Chapter 47:
The Triple Date
"Kakak?" seru salah satu adik Bimo yang sedang tertidur di ranjang, meraih tangan kakaknya.
"Bella? Kamu udah enakan?" Tanya Bimo menerima tangan adiknya.
"Iya kak. Beni gimana?"
Bimo menatap Arji dan Joko yang berada diranjang sebelahnya. Arji memberikan jempol.
"Tenang saja, dek. Beni nggak apa-apa."
"Maafkan aku, kak. Kencan kakak jadi batal hari ini."

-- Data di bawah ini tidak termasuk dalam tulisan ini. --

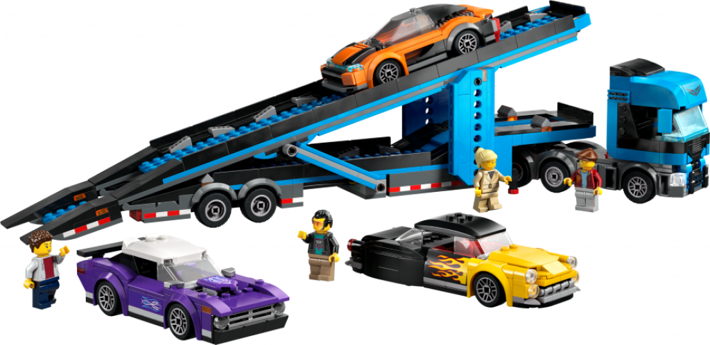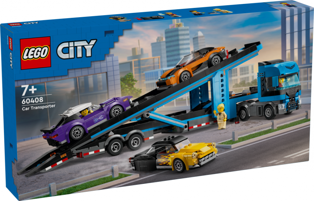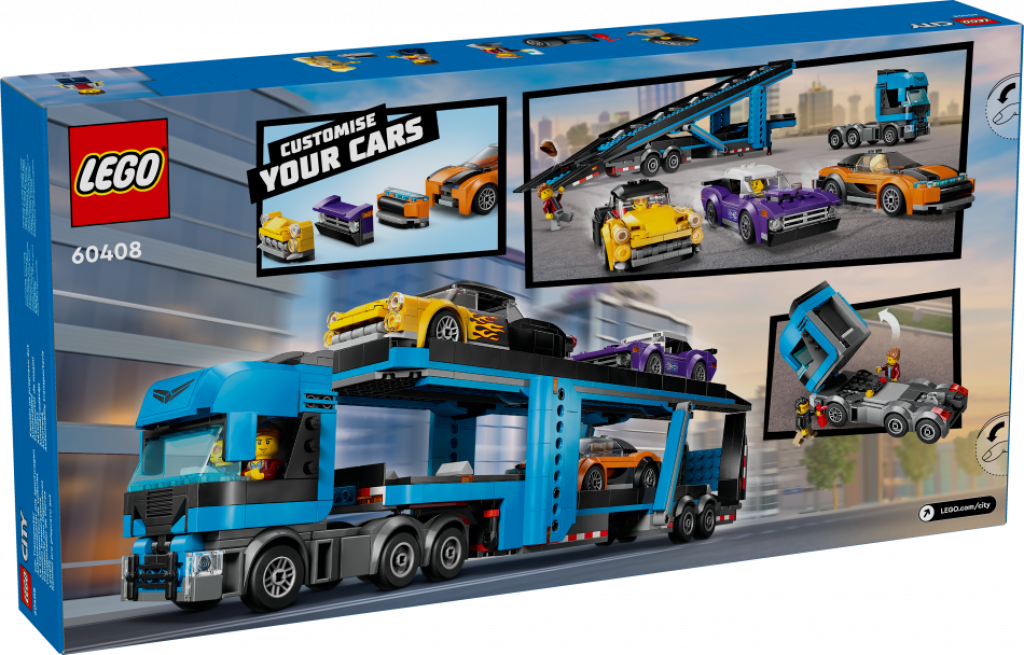 Iepriecini rotaļu auto entuziastu ar LEGO® City būvēšanas komplektu "Autopārvadātājs ar sporta auto" (60408) bērniem no 7 gadu vecuma, kas ietver vairākus transportlīdzekļus. Bērni var paliekt vadītāja kabīni, kas ļaus piekļūt dzinējam, piestiprināt piekabi un pazemināt tās augšējā un apakšējā līmeņa rampas, lai uz pārvadātāja nogādātu iekļauto 50. gadu stila auto, jaudīgo 70. gadu auto un moderno superauto. Šis iespaidīgais rotaļu transportlīdzekļu pārvadātāja komplekts ietver 4 minifigūras radošām rotaļām un stāstu veidošanai.

"Apa maksudmu? Kalian lebih penting dari pada kencan kakak. Kalian harus segera pulih! Aku dan kakak yang lain bakal membuat kalian lebih sehat. Tenang sa..."
Bella membantah dan melepaskan tangannya dari Bimo, "Nggak! Kakak selalu bekerja keras buat aku dan Beni. Kakak berhak dapet hari libur! Kakak pergi saja dan serahkan tugas ini kepada Bunda Filda atau Nadia."
Menatap Bella yang sedih, Bimo hanya bisa berseru, "Oke... kakak akan usahakan kakak bersenang-senang hari ini."
Bella kebingungan setealh melihat jam dinding yang menandakan pukul dua belas siang, "Ini sudah siang kak. Bukankah kencan kakak selalu pagi?"
Bimo mengusap rambut Bella yang panjangnya hingga ke tangan dan berseru, "Hari ini kakak kencan agak sore. Jadi kakak ada waktu untuk mengurusimu dan Beni."
Bella menengok untuk melihat Beni yang tidur di ranjang sebelahnya bersama dengan Arji dan Joko yang sedang menenangkannya.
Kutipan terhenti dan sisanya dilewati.